Sandbars are one of the most important resources within the Grand Canyon because of their value for habitat to everything from humpback chub to cottonwood to river rafters. The adaptive management program of Glen Canyon Dam has echoed this idea by trying to conserve sandbar resources in the form of beach-building flood releases. However, every other flow regime has led to the continuing decrease of sandbar size, complexity, and sustainability. The mode of these failures, namely seepage erosion leading to Coulomb-type slope failures, needs to be understood in order to find a potential solution to this loss of a vital resource.
Seepage erosion is a common occurrence in the Grand Canyon due to the enormous fluctuations in flow caused by electricity generation at Glen Canyon Dam. This fluctuation was very large during our journey down the Grand Canyon. Starting January 1, 2005 and ending April 7, 2005, non-native fish suppression flows are released from Glen Canyon Dam and consist of a daily fluctuation of 5,000 cfs to 20,000 cfs. Seepage erosion occurs during the drawdown period when water in the river channel drops at a substantially higher rate than the water within the pores of the sandbar. The rate is substantially higher because the moment a drop in the river stage occurs, there is not an instantaneous draining of the sandbar to even the water levels out due to the small sand particles inhibiting the movement of water. The difference in water level between the river channel and the sandbar increases as the drawdown continues. This increase leads to instability because the pore water pressure in the saturated part of the sandbar no longer has a full river to balance out the pressure forces. Finally, this instability can lead to a Coulomb- type slope failure when the pressure forces are too great and the sandbar shears off into the river channel. These types of failures can be quite devastating and huge areas of a sandbar can be lost in a few seconds.
In order to better understand the phenomenon of seepage erosion, the differences between river stage and sandbar stage were observed during drawdown at RM 123L. The stage in the river channel was measured by a PVC pipe driven into the channel bottom with 0.1 foot graduations drawn onto the outside to read. The stage of the sandbar was measured using a shallow piezometer made from a 6-ft section of _” PVC pipe. At this site, the piezometer was driven into the sandbar at the current high flow level (~21,000 cfs), which was approximately 11.5 m away from the current low flow level (~9,000 cfs). See Figure 2 for a picture of the site setup. Figure 3 shows the stage readings through time and shows a significant difference in the rate of drawdown between the river and the sandbar. Once the river stage bottomed out at 1 foot, the sandbar stage was almost 3 feet higher in elevation. Even though this site did not experience slope failure, the basic principles behind seeing the significant difference in rates of drawdown can be used for most sandbars in the Grand Canyon.

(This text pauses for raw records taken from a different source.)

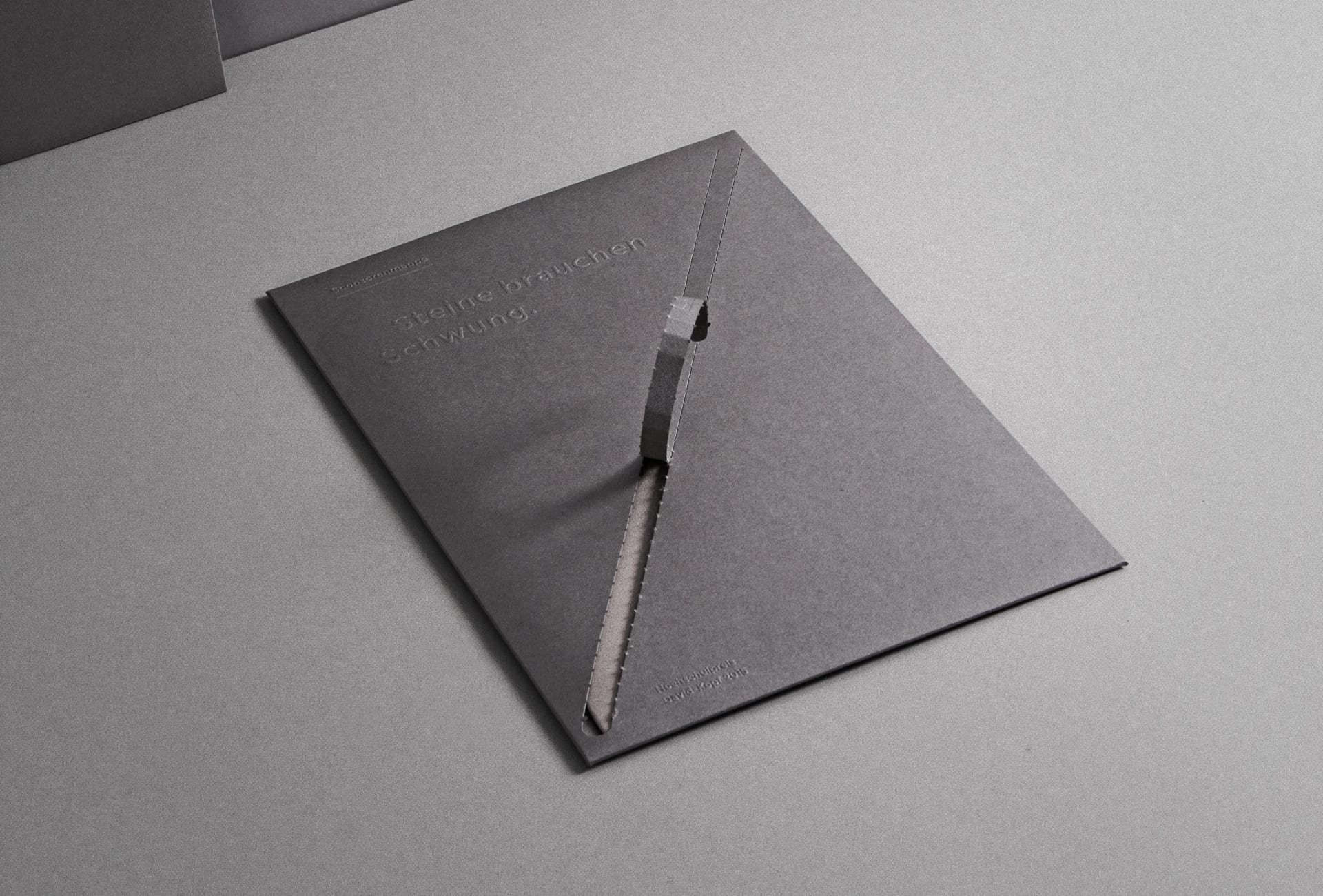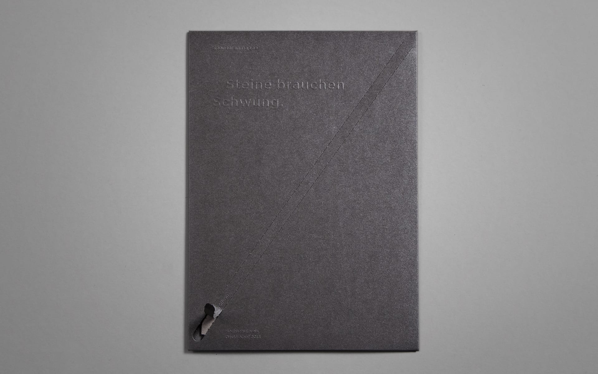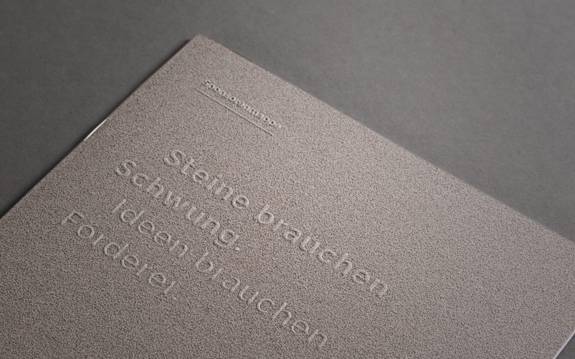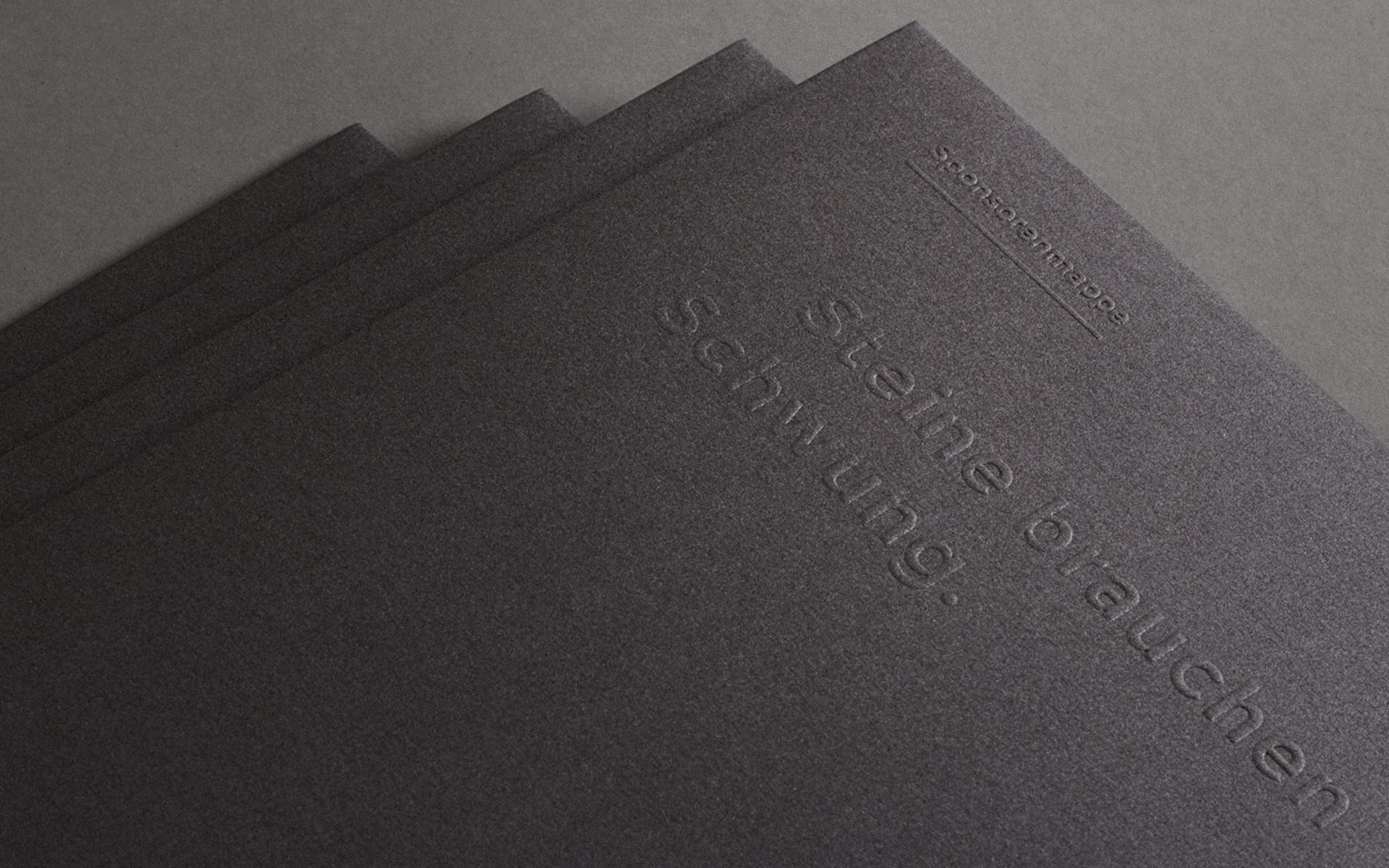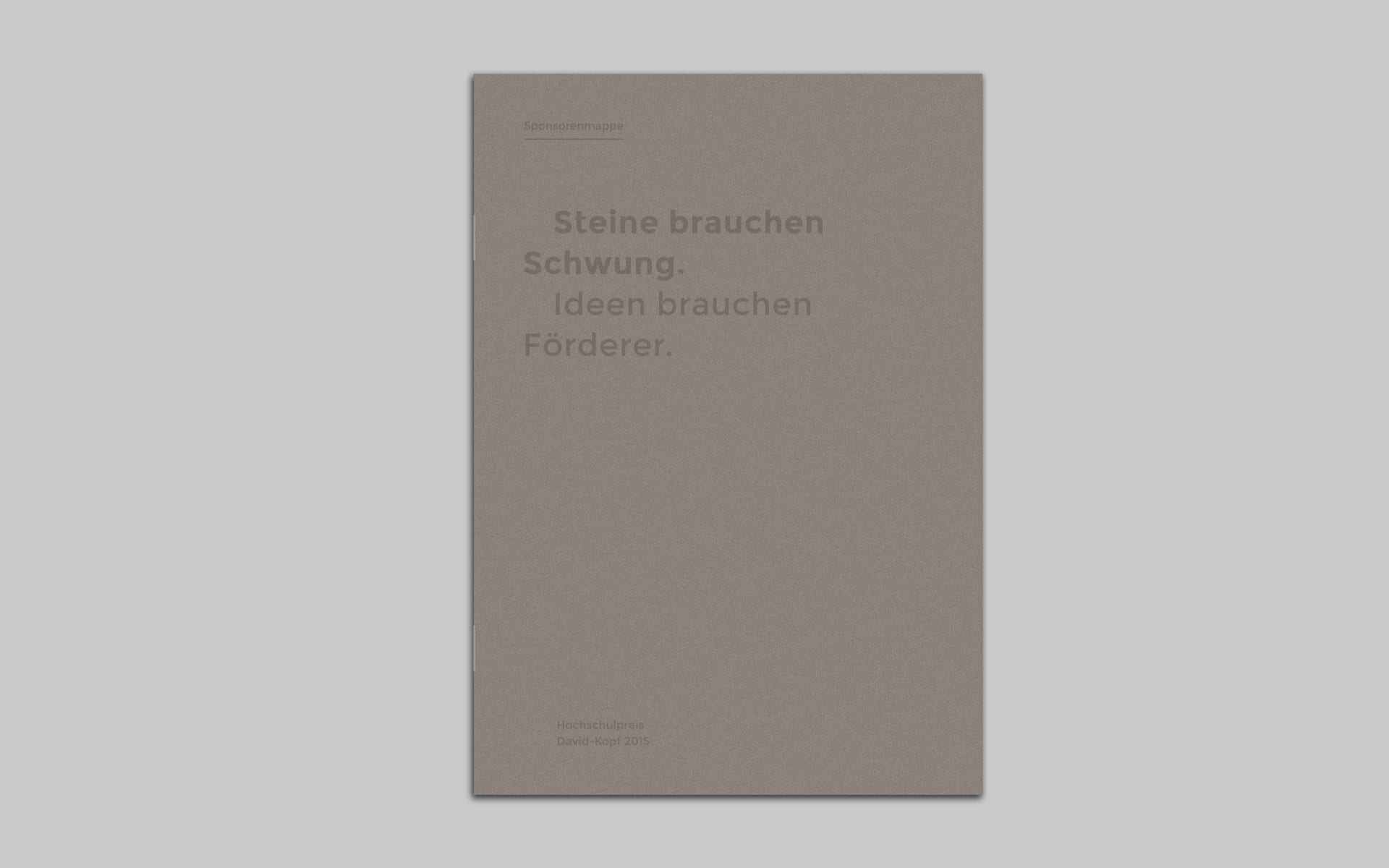 In the newly designed sponsoring brochure, the reduced design and natural materials intertwine. Inspired by the battlefield on which David Goliath faced, we have worked with papers of strong character reminiscent of earth and stones.
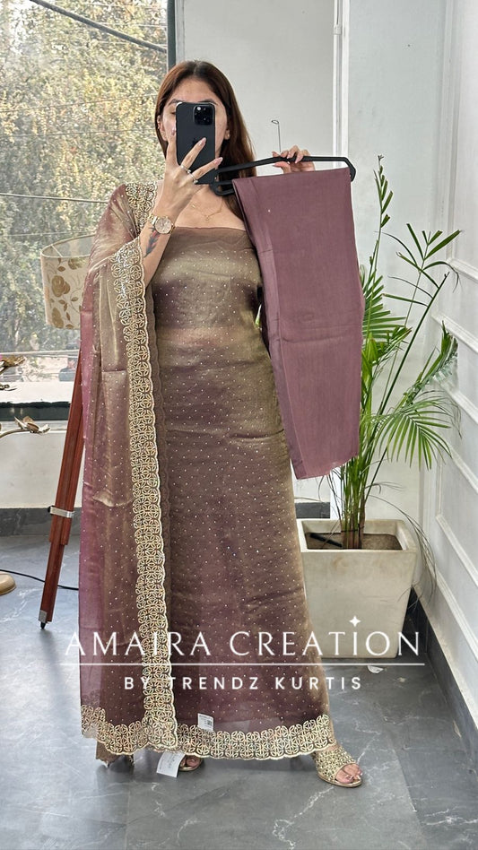 Premium Shimmer Glass Tissue Mauve Color Unstitch Suit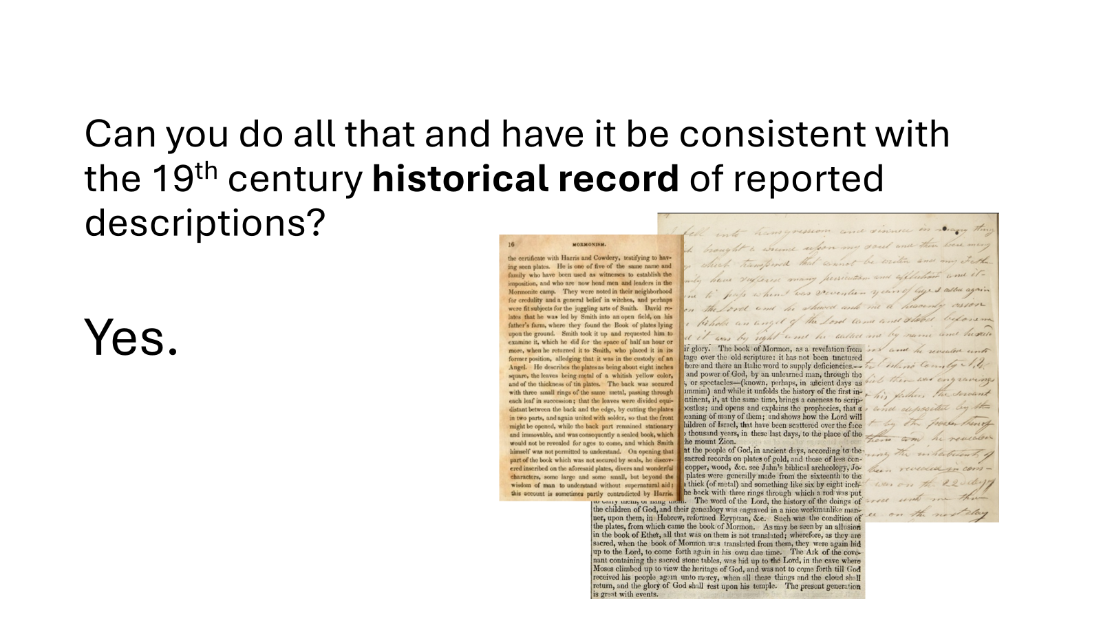 Can you do all of this and have it be consistent with the 19th century historical record reported descriptions?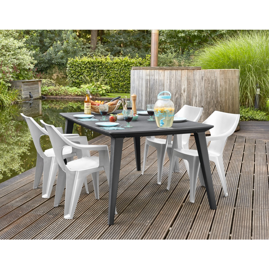 Záhradný plastový set ROCCO v elegantnom dizajne prinesie do vášho exteriéru moderný štýl a komfort. Súčasťou setu je odolný plastový stôl a štyri ergonomické stoličky, ktoré zabezpečia pohodlie pri každom posedení. Či už chystáte rodinnú oslavu, grilovanie s priateľmi alebo si len chcete dopriať oddych na čerstvom vzduchu, set ROCCO je ideálnou voľbou. Vytvorte si v záhrade či na terase príjemný priestor na relax s kvalitným a vkusným záhradným nábytkom.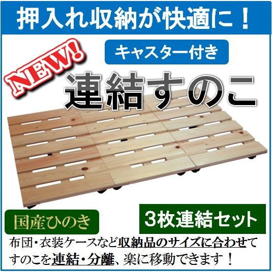 押入れ収納 連結すのこ(キャスター付き) 3枚連結セット 国産ひのき 布団 衣装ケース収納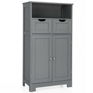 Bathroom Wooden Side Cabinet with 2 Drawers and 2 Doors-Gray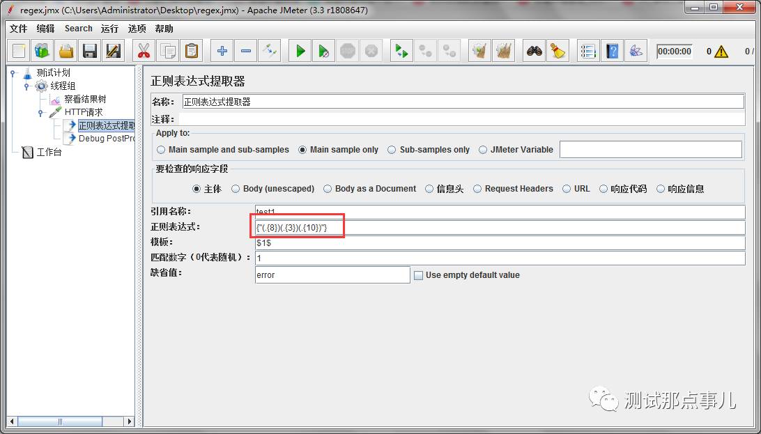 名称:正则表达式提取器的名称,自定义,一般用不到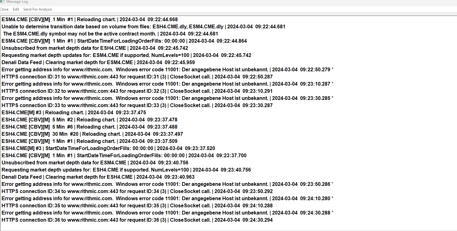 Rithmic is closing the connection: DTC Client socket (2) | Socket gracefully closed by remote side. | 2023-11-19 21:26:03.676 Make sure you are using the correct symbols with Rithmic. Translate them to the current service: Edit Menu: Edit >> Translate Symbols To Current Service Do not use any invalid symbols. This is purely a Rithmic problem. Sierra Chart Support - Engineering Level Your definitive source for support. Other responses are from users. Try to keep your questions brief and to the point. Be aware of support policy: https://www.sierrachart.com/index.php?l=PostingInformation.php#GeneralInformation For the most reliable, advanced, and zero cost futures order routing, use the Teton service: Sierra Chart Teton Futures Order Routing |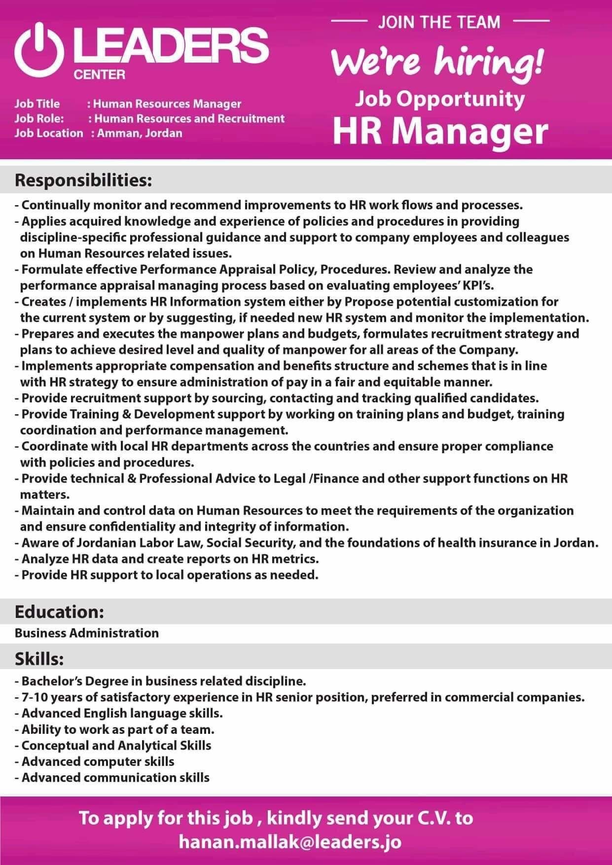 فرص عمل مميزة و راتب عالي لشركة LEADERS تصفّح المقالات مطلوب للتوظيف في مجال الموارد البشرية و الادارة لشركة رائدة وظائف شاغرة في قسم الادارة لشركة STS

Seepage due to differences in drawdown rates was also observed at the upstream sandbar at Crystal Rapid (RM 98). A video was taken of the boils seeping up from the ground approximately 1 ft above the current low flow level (~8,000 cfs). Figure 4 shows several of the boils within this area at approximately 8,000 cfs. The diameter of the boils was approximately 2- 4 inches. Due to fact that this area would be inundated at flows greater than 10,000 cfs and that no natural springs exist at this site from anecdotal evidence, the boils are most likely due to the seepage caused by the intense drawdown of the river stage.
From numerous observations along our trip, seepage is still a common occurrence in the sandbars of the Grand Canyon. These sandbars are created by a short-lived flow regime consisting of a flood large enough to deposit sand at high elevations but are constantly being eroded by a different fluctuating flow regime that induces significant seepage erosion. Unstable sandbars similar to the one in Figure 1 are very common along the Grand Canyon and will continue to be common under the current flow regime from Glen Canyon Dam.
Figure 1. Coulomb-type slope failure.
Figure 2. Setup of experiment to measure river stage and sandbar stage fluctuations during drawdown.
Figure 3. Change in stage with time for the river channel and the sandbar.
Figure 4. Several boils seeping from the sandbar immediately upstream of Crystal Rapid at a flow of approximately 8,000 cfs (the current low flow level). The yellow case is approximately 6.5 inches by 4 inches.